Why semrushbot and ahrefsbot are blocked by default?

I was checking the Google Search Console coverage report and found that lots of our forum pages are blocked by robots.txt. So I went ahead and checked the robots.txt. Then I found that semrushbot and ahrefsbot are blocked by default:
image

I know these are two widely used SEO tools, why blocking their bots?

1 Like

Because those bots are “resource sucking bot hogs” which provide very little value to sites compared to the amount of resources these bots consume.

Of course, you can customize the Discourse robots.txt file and permit them if you wish; but we block these bots on our sites long before Discourse was released and keep them blocked.

:slight_smile:


Note (Edited):

I forgot to mention that many of these “resource sucking bot hogs” do not respect robots.txt and they must be blocked at the HTTP User Agent level. We block these "disrespectful resource sucking bot hogs” with mod_rewrite at the reverse proxy level, generally speaking (one of the many good reasons to run behind a reverse proxy, BTW).

5 Likes

Thanks so much for the information!

I found another issue and maybe you can share your insight on it as well. :slight_smile:

I know Discourse has blocked user pages by default, but in my Google Search Console coverage report, there are still some user pages indexed, which is an issue in Google’s eyes because all these pages should not be indexed:

Thanks!

1 Like

This was fixed recently with

Can you update your Discourse and reverify?

1 Like

@osioke Thanks for your reply! I believe our installed version already has the feature? Because I noticed that the fix was committed in Jan.
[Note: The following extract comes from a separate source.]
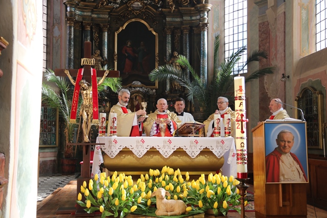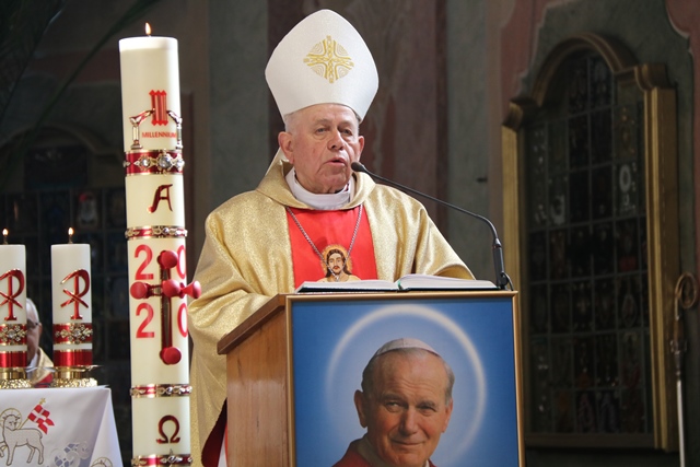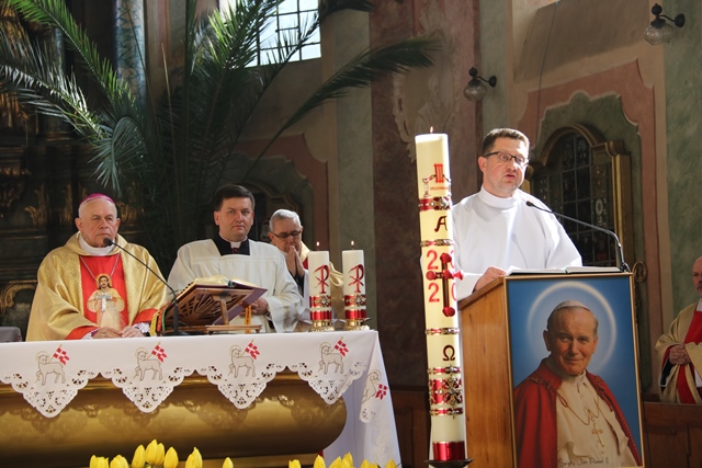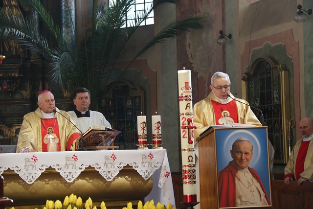 W homilii pierwszy biskup kaliski przypomniał, że święto Miłosierdzia Bożego ustanowił dwadzieścia lat temu św. Jan Paweł II. – Święto Miłosierdzia Bożego to pragnienie Jezusowego Serca, które zostało przekazane Kościołowi i światu przez św. siostrę Faustynę, a spełnił je z wielką radością i poczuciem zaszczytu św. Jan Paweł II. To on ustanowił Święto Miłosierdzia Bożego w drugą Niedzielę Wielkanocy w roku 2000, kiedy na ołtarze wyniósł jako świętą siostrę Faustynę. Niedziela Miłosierdzia ma głosić światu, że Bóg go kocha – stwierdził celebrans.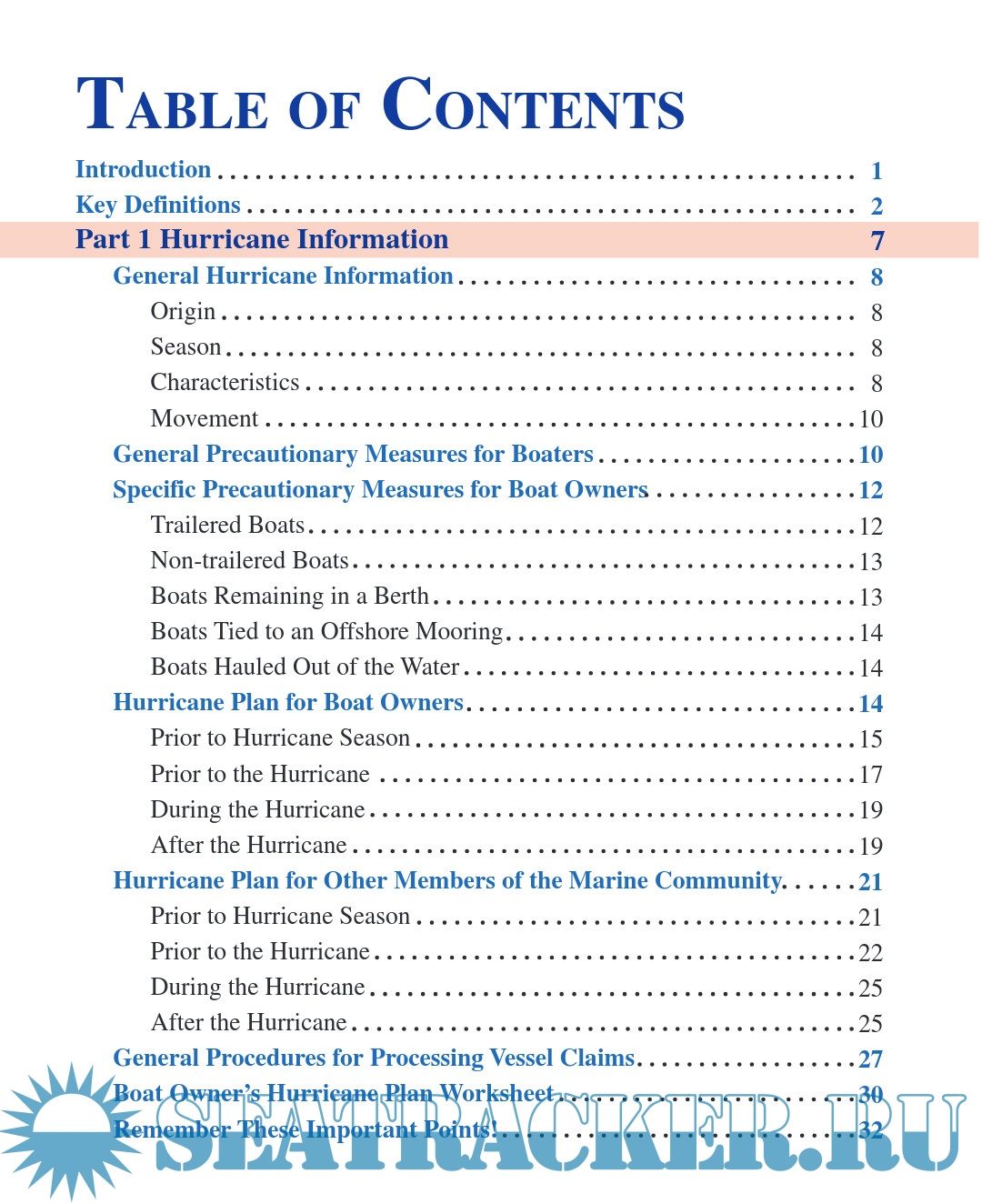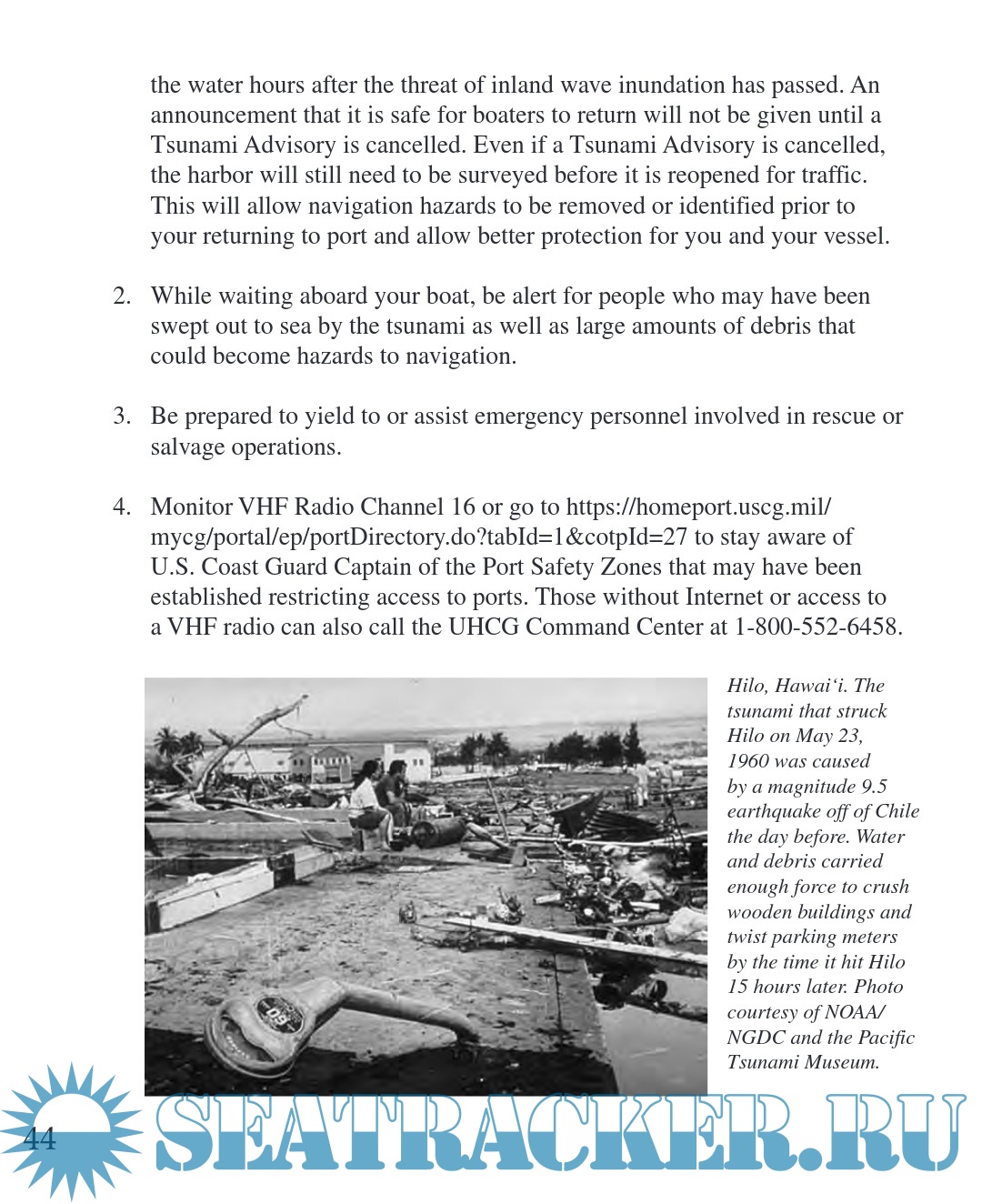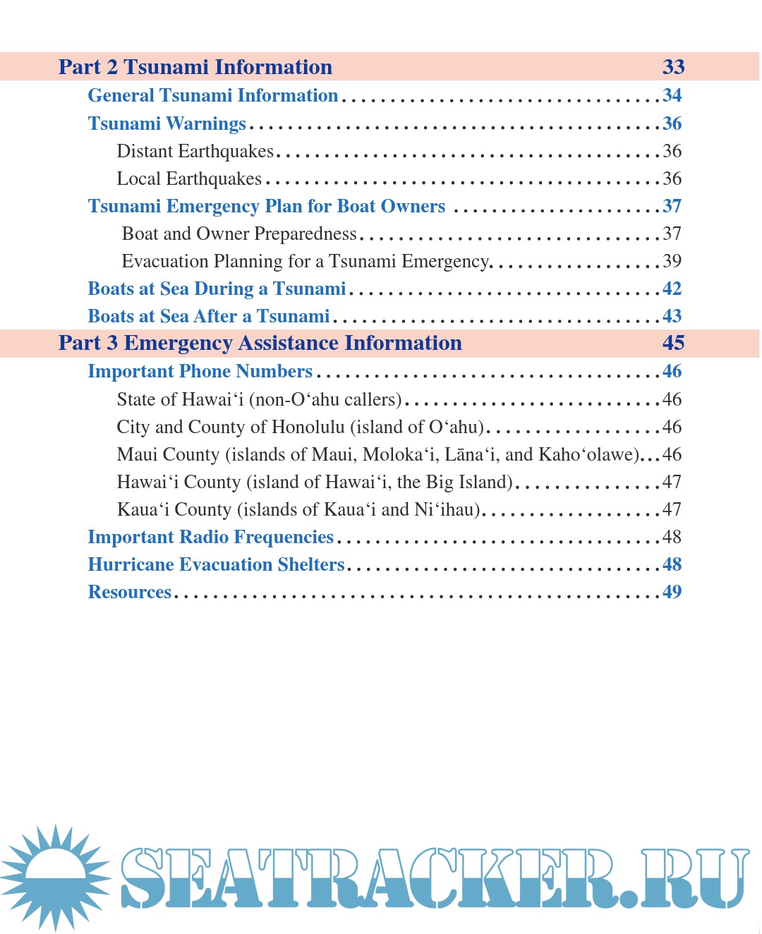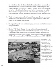 Description: This updated manual provides a summary of the actions boaters and other members of Hawai‘i’s marine community can take before, during, and after a hurricane or tsunami. It is intended to assist in preparing for and mitigating the effects of these hazards. It includes information on these events and their dangers, provides guidelines to develop a personal preparedness plan, and lists emergency assistance information (that is, phone numbers, radio frequencies, and hurricane evacuation shelter locations). The statements and procedures contained in this manual may be modified or supplemented to meet the specific needs of individual boat owners. It is intended that this manual complement state statutes, Hawai‘i administrative rules, county codes and ordinances, whose provisions shall prevail in the event of a conflict.

Could you please verify if I need to upgrade to the latest version to have this feature?

1 Like

It doesn’t hurt to update IMO, but yes, that fix should be in your installed version. I would try updating and reverifying unless you don’t want to update for some other reason.

3 Likes

Because they suck? They add a lot of server load for no discernable benefit, and our customers do have pageview limits on their plans.

5 Likes

Sounds good. We are updating now. Hope things will work out after the update. I’ll get back and keep you informed. :slight_smile: Thanks!